## Recorded data
────────
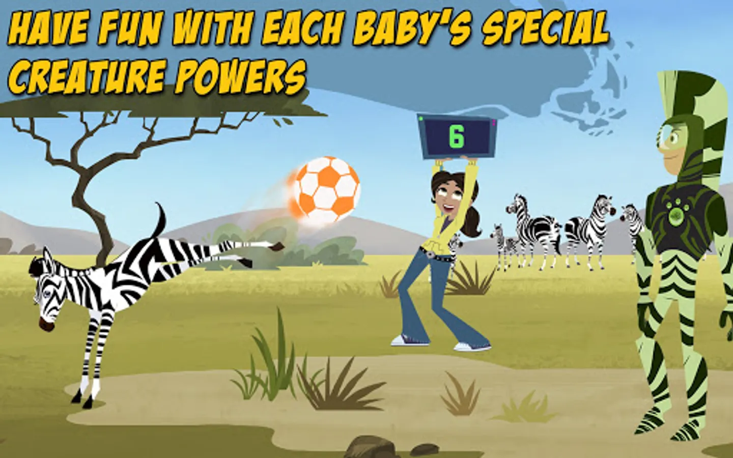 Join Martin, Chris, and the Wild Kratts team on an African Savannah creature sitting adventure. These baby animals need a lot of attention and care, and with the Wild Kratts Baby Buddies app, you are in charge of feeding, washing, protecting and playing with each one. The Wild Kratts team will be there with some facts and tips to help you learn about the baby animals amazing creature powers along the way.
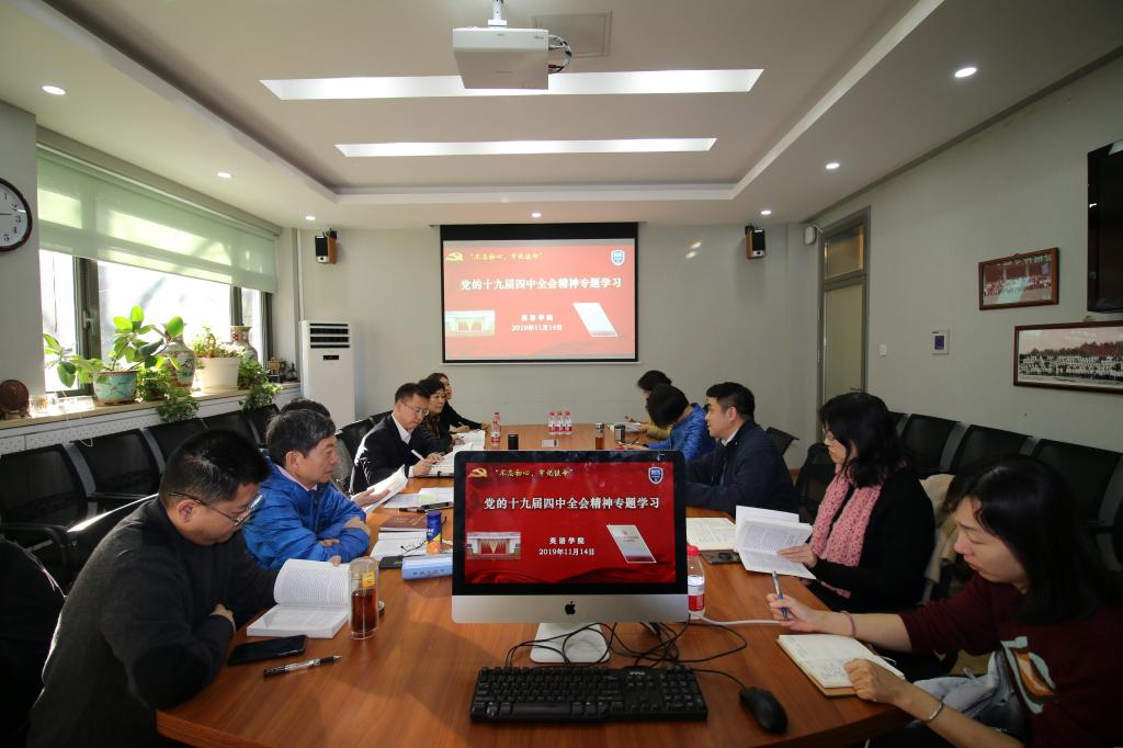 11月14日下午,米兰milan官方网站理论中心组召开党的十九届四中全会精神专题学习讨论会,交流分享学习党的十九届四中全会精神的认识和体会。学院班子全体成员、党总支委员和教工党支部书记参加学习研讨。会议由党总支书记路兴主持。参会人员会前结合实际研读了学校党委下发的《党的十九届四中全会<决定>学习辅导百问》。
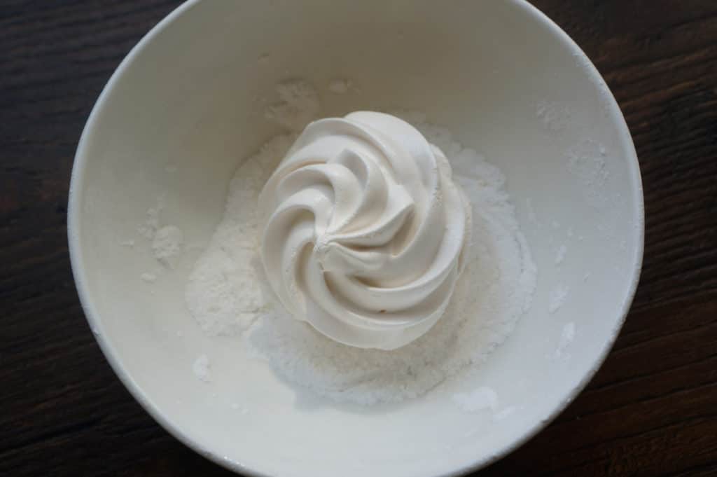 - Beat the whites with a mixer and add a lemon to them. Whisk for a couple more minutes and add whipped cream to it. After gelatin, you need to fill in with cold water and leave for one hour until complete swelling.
────────
Give back the whole listing exactly as written. Do not include any picture.

 Join Martin, Chris, and the Wild Kratts team on an African Savannah creature sitting adventure. These baby animals need a lot of attention and care, and with the Wild Kratts Baby Buddies app, you are in charge of feeding, washing, protecting and playing with each one. The Wild Kratts team will be there with some facts and tips to help you learn about the baby animals amazing creature powers along the way.
 11月14日下午,米兰milan官方网站理论中心组召开党的十九届四中全会精神专题学习讨论会,交流分享学习党的十九届四中全会精神的认识和体会。学院班子全体成员、党总支委员和教工党支部书记参加学习研讨。会议由党总支书记路兴主持。参会人员会前结合实际研读了学校党委下发的《党的十九届四中全会<决定>学习辅导百问》。
 - Beat the whites with a mixer and add a lemon to them. Whisk for a couple more minutes and add whipped cream to it. After gelatin, you need to fill in with cold water and leave for one hour until complete swelling.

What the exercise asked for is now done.